Depuis 2019, bien après que la Central Intelligence Agency (CIA) en a fait de même, l’armée française, peu portée pourtant sur le fantasque, fait appel avec le projet Red Team aux écrivains de SF pour imaginer les conflits du futur, et éventuellement les moyens de leur résolution. Comme le précisait la ministre des Armées d’alors, Mme Florence Parly, «c’est un projet très sérieux». Quand on sait que, sous la présidence de Ronald Reagan, l’Initiative de défense stratégique baptisée «Guerre des étoiles» a été fortement influencée par des auteurs de SF, quand on voit s’étendre la surveillance et le contrôle comme dans les meilleures dystopies, on confirme: la SF, c’est sérieux (chapitre 1).

Manière de voir propose ainsi de mesurer la puissance de déchiffrement de ce que la réalité porte de potentialités, et par là même, sa force d’éveil, déployée avec effervescence par ses écrivains (Alain Damasio, Sabrina Calvo…).

En 2019, d’après un sondage Opinion Way, 74 % des Français avaient «le sentiment de vivre en pleine science-fiction». On peut penser que leur impression n’a cessé de se confirmer. Entre la prolifération des puces et le rôle au quotidien des algorithmes, entre l’incitation permanente, l’évaluation du risque et la sollicitation au dépassement, les aspirations du transhumanisme se conjuguent aux exploits de la technologie pour se rendre désirables, voire vraisemblables. Clones, cyborgs, plus qu’humains… Bienvenue dans les extrapolations des grands rêveurs, elles sont devenues des agents de notre quotidien – ou presque (chapitre 2).

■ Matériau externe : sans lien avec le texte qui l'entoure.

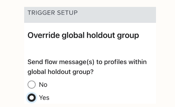 Override global holdout group = Deliver the message to everyone, even those who would normally be excluded under your global holdout experiment.
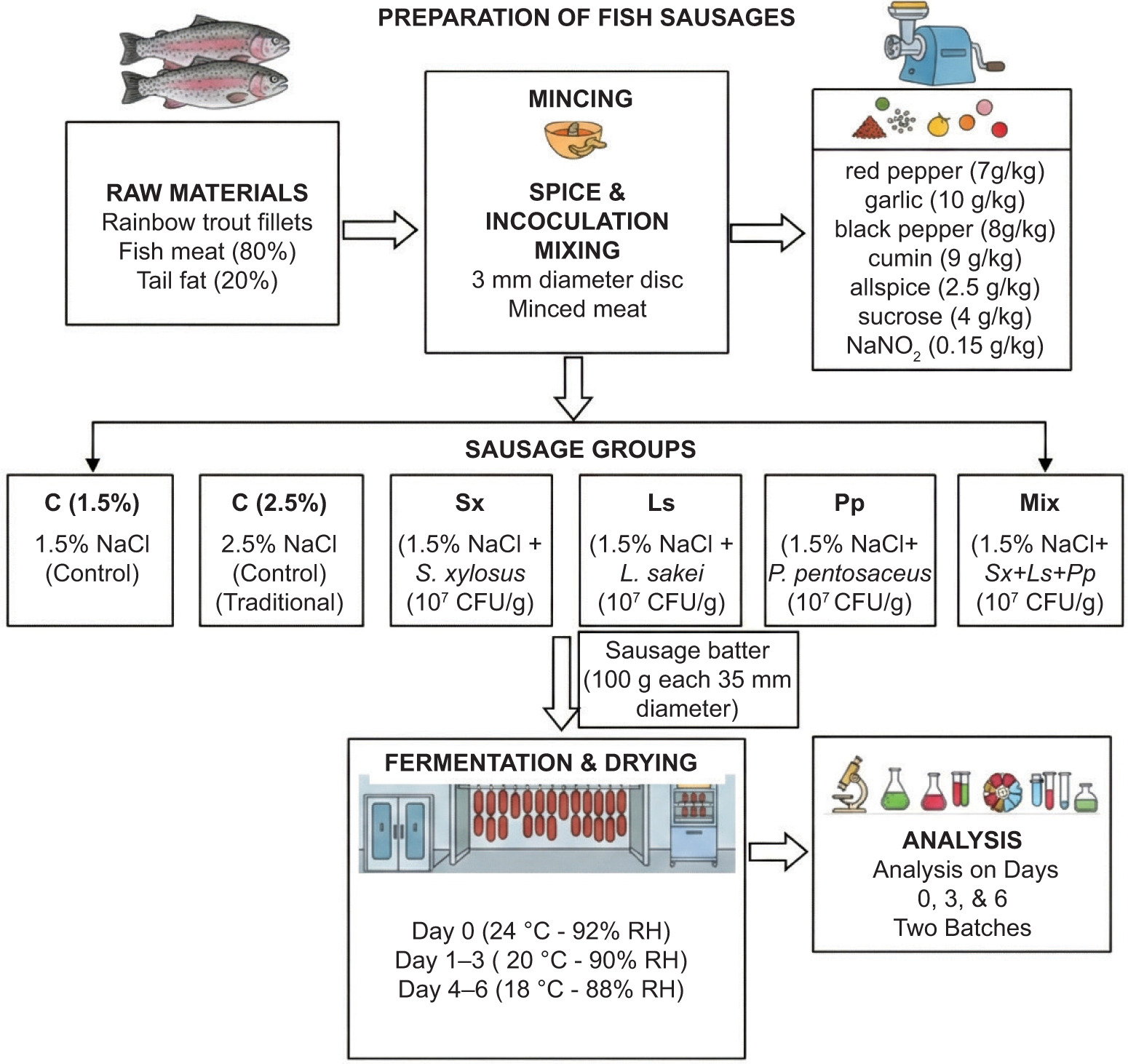 In Turkey, fermented fish sausages are not traditional; however, there is an increasing interest in developing healthier, fish-based alternatives to meat sausages using local species such as rainbow trout (Kılınç and Çaklı, 2021; Kahraman Yılmaz and Berik, 2022). Food preservation through fermentation, an ancient technique, has been shown to enhance both flavor and nutritional (Afifah et al., 2023; Kuley et al., 2018; Mu et al., 2023; Sun et al., 2020; Zang et al., 2020). Fermented sausages are produced from meat and fat mixtures with spices, sugar, salt, and curing agents, then filled into casings and subjected to microbial fermentation. Their long shelf life is due to low water activity (0.7–0.8), low pH (4.5–5.5), and high salt content (Lücke, 2003; Janković et al., 2017; Sadeghi et al., 2021; Sallan et al., 2023).

Si la SF sait lire les possibles, et parfois ainsi anticiper ce qui deviendra notre présent, c’est par la force d’un imaginaire qui ne s’arrête pas à ce qui est présenté comme autant d’évidences incontestables, comme une vérité qui va sans dire. Cette capacité à interroger les lignes de forces de notre monde, à en fêler la représentation dominante, lui permet de refuser la fatalité de ce qui serait le sens unique de l’histoire. Son travail de sape de nos certitudes est un remarquable embrayeur du refus de la résignation (chapitre 3).